A natural star ruby generally has one or more of its rays of varying lengths. Plus, when a light source is moved around the stone, the natural star will follow the light’s path. A synthetic star ruby usually has shapely rays that appear almost perfect.
2. Alexandrites
Our next example includes the widely popular alexandrite stone because distinguishing between a real and synthetic one can be tricky. To spot the difference, one needs a discerning eye in terms of the stone’s color change, size, and inclusions.
Naturally, alexandrites with inclusions occur within one carat. Those that are larger are most likely synthetic. Moreover, natural alexandrites tend to lose their color with heat exposure, whereas synthetic ones retain their color.
Furthermore, a natural alexandrite is known to change its color from bluish-green under natural light to purplish red under electric lighting. In contrast, artificial ones undergo a color change from grayish blue to pink.
3. Pearls
Though pearls are not stones that result from metamorphic formations, they are precious gems nonetheless, having organic origins. The natural process of formation inside a mollusk’s shell is quite interesting.
It all starts when a grain of sand or irritant enters the shell of an oyster. In its defense, the mollusk secretes a substance known as nacre that coats the irritant. A pearl is formed gradually when layers of nacre build over each other. It can take anywhere from six months to seven years for this to happen.
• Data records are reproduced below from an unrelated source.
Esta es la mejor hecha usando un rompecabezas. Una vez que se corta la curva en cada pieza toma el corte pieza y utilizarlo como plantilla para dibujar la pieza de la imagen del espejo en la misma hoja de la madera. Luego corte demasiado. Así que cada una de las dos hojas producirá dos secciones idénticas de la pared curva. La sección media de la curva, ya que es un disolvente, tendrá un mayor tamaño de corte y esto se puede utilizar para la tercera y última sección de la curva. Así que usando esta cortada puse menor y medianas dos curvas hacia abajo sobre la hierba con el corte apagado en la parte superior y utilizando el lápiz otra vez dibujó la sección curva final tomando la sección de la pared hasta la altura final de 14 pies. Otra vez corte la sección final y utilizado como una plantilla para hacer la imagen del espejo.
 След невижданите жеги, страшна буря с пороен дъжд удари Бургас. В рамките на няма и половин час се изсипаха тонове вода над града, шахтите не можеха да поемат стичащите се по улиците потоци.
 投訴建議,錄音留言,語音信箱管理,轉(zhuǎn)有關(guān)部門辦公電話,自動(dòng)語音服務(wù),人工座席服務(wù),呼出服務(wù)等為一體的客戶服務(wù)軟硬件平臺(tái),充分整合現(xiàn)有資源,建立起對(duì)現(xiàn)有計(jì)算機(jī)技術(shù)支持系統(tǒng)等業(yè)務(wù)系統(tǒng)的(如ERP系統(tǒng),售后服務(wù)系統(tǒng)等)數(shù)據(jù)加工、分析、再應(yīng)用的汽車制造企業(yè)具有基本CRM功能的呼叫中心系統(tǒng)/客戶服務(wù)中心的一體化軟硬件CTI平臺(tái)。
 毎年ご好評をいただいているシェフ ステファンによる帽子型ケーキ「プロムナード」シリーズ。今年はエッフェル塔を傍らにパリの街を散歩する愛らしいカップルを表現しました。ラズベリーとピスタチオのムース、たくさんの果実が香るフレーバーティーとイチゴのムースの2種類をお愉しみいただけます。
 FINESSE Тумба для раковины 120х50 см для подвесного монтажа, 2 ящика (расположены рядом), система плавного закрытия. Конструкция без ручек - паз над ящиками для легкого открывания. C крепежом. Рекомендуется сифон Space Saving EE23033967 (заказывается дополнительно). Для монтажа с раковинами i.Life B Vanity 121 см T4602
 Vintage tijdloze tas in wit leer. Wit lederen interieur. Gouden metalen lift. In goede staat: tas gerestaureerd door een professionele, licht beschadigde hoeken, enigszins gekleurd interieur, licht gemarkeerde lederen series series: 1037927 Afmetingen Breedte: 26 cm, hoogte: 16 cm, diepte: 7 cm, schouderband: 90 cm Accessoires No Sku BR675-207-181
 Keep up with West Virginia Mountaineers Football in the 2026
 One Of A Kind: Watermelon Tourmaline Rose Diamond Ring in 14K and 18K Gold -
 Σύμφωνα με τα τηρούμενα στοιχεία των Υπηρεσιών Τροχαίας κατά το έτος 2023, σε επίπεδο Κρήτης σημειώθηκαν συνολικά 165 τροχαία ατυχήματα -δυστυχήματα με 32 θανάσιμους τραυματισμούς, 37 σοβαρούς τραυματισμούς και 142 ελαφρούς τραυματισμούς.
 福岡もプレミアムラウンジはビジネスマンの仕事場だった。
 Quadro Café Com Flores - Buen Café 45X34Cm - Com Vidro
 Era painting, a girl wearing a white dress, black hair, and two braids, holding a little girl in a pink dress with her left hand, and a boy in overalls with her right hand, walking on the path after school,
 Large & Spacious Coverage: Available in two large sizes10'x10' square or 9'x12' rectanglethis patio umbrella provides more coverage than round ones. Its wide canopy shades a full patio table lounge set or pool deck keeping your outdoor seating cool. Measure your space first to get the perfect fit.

Natural pearls are almost always imperfect to look at, having a gritty texture. Synthetic ones appear evenly shaped and extremely smooth to the touch. Let’s mention that pearls are so rare that they can naturally be found in the ratio of 1:10,000 wild oysters.
Most pearls available in the market today are cultured. For this process, irritants are artificially entered into a mollusk’s shell to stimulate the gem’s production. Natural pearls will always vary in color and intensity. Cultured ones will also differ in terms of their overtones. Synthetic ones almost always have the same color and shape.
Both natural and cultured pearls have a vast market that is currently growing at a CAGR of 9.6% till 2030. Whether the process is unregulated or predictable, there is no denying the fact that pearls are extremely beautiful, rare, and valuable.
Overall, technology-induced lab-grown gems may appear appealing from an economic standpoint. They are best suited for those who desire uniformity of beauty at a lesser price. As for technology recreating the real deal, that is still not scientifically possible.
It is still impressive as to what tech disruption has achieved to date. However, the same may trick a layman’s eye, but it will seldom pass that of an experienced gemologist.